Prompt — Which lines run from the line with "Horny mom observe" through the line with "В восьмидесятые популярность" in the entries below? Print them exactly, both ends included, and nothing more.

Materials provided —
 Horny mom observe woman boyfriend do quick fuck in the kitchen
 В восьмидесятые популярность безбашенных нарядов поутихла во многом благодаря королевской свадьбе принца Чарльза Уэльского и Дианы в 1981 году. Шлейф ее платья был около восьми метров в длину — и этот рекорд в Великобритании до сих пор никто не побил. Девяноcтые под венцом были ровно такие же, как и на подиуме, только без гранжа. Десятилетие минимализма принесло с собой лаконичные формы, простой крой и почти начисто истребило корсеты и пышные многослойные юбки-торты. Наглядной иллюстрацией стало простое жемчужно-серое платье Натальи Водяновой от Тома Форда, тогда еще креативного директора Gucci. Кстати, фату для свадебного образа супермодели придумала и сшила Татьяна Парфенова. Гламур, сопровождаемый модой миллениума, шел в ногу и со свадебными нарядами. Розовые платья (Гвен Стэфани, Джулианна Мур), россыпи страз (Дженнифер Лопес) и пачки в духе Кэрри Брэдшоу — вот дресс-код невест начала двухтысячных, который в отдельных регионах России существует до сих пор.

==

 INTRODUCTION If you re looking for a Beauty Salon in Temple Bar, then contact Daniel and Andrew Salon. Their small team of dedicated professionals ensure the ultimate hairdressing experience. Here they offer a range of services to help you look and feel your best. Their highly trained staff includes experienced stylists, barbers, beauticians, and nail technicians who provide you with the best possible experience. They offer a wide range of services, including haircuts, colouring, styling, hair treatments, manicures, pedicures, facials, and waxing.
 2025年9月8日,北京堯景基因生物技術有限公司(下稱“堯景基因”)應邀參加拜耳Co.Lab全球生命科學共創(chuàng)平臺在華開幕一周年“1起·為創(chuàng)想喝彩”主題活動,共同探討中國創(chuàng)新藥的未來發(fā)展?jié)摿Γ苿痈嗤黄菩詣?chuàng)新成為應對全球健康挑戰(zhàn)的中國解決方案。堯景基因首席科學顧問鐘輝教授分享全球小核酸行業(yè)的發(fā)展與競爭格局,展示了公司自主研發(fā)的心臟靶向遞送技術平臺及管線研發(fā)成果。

Result of this exercise —
 Horny mom observe woman boyfriend do quick fuck in the kitchen
 В восьмидесятые популярность безбашенных нарядов поутихла во многом благодаря королевской свадьбе принца Чарльза Уэльского и Дианы в 1981 году. Шлейф ее платья был около восьми метров в длину — и этот рекорд в Великобритании до сих пор никто не побил. Девяноcтые под венцом были ровно такие же, как и на подиуме, только без гранжа. Десятилетие минимализма принесло с собой лаконичные формы, простой крой и почти начисто истребило корсеты и пышные многослойные юбки-торты. Наглядной иллюстрацией стало простое жемчужно-серое платье Натальи Водяновой от Тома Форда, тогда еще креативного директора Gucci. Кстати, фату для свадебного образа супермодели придумала и сшила Татьяна Парфенова. Гламур, сопровождаемый модой миллениума, шел в ногу и со свадебными нарядами. Розовые платья (Гвен Стэфани, Джулианна Мур), россыпи страз (Дженнифер Лопес) и пачки в духе Кэрри Брэдшоу — вот дресс-код невест начала двухтысячных, который в отдельных регионах России существует до сих пор.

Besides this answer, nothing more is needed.